### Task prompt
Could you repeat the entries below exactly, but only from the line with "Der Einbau-Gefrierschrank warnt" through the line with "TÜİK tarafından açıklanan", and without any picture?

### Input data
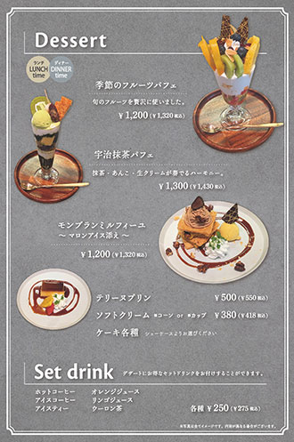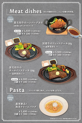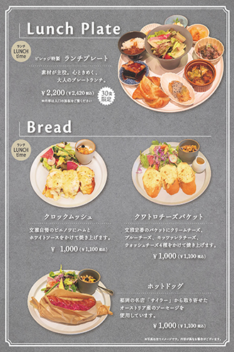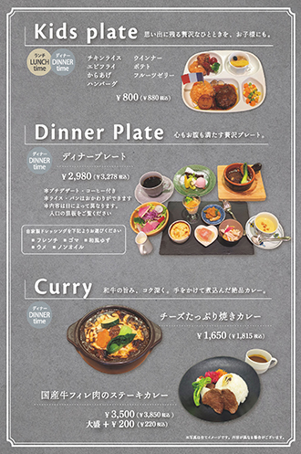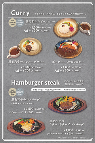 カフェでは、ランチプレートや自家挽きハンバーグ、黒毛和牛ビーフカレー、スイーツがお楽しみいただけます。
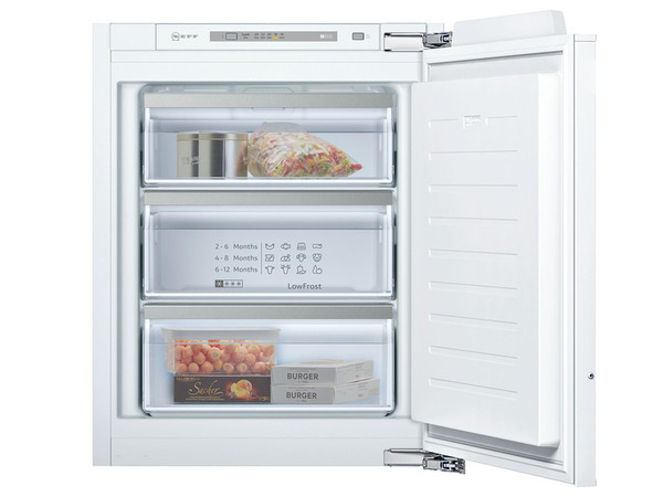 Der Einbau-Gefrierschrank warnt bei Temperaturanstieg und hat einen besonders niedrigen Energieverbrauch. LowFrost: Verringert die Eisbildung im Gefrierteil und es kann schneller abgetaut werden.
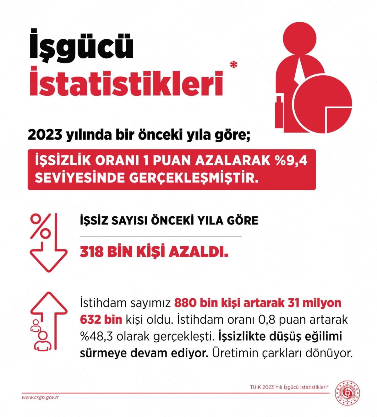 TÜİK tarafından açıklanan 2023 yılı İşgücü İstatistikleri ile işsizlik oranı, 2023 yılında bir önceki yıla göre 1 puan azalış göstererek yüzde 9,4'e geriledi.
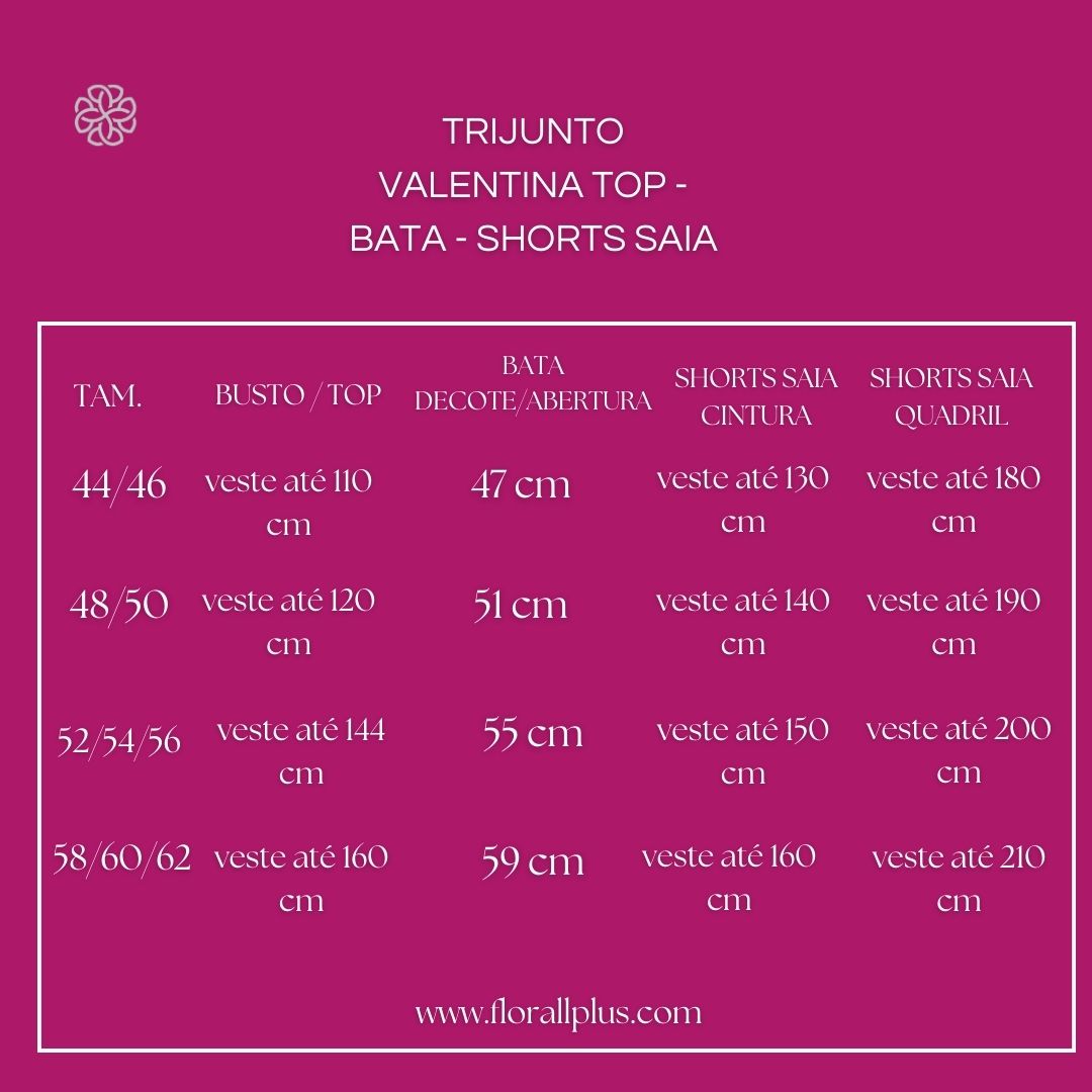 Confeccionado em tecido leve, ideal para o verão, o Trijunto VALENTINA oferece conforto sem abrir mão do estilo sofisticado. Disponível nos tamanhos 44/46, 48/50, 52/54/56 e 58/60/62, atende perfeitamente às curvas plus size, valorizando sua silhueta com charme e delicadeza.
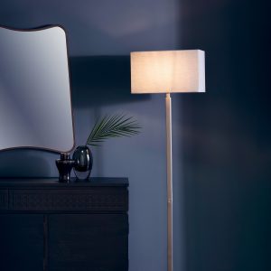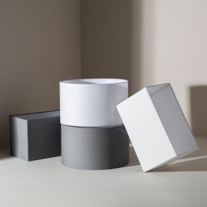 A smart, clean line, modern, rolled edge shade finished in vintage white cotton fabric. Also available in cool grey cotton fabric. Choose the style you need by matching the perfect shade shape to a selection of wall, table and floor lamps that are available in a smart matt nickel or polished chrome finish. Note – this shade has a fixed gimbal but is suitable for use with pendants and floor/table bases.
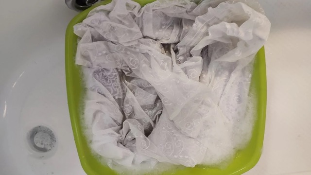 2. После этого я тщательно прополоскал шторы, чтобы избежать залипания пены в стиральной машине.

### Written response
 Der Einbau-Gefrierschrank warnt bei Temperaturanstieg und hat einen besonders niedrigen Energieverbrauch. LowFrost: Verringert die Eisbildung im Gefrierteil und es kann schneller abgetaut werden.
 TÜİK tarafından açıklanan 2023 yılı İşgücü İstatistikleri ile işsizlik oranı, 2023 yılında bir önceki yıla göre 1 puan azalış göstererek yüzde 9,4'e geriledi.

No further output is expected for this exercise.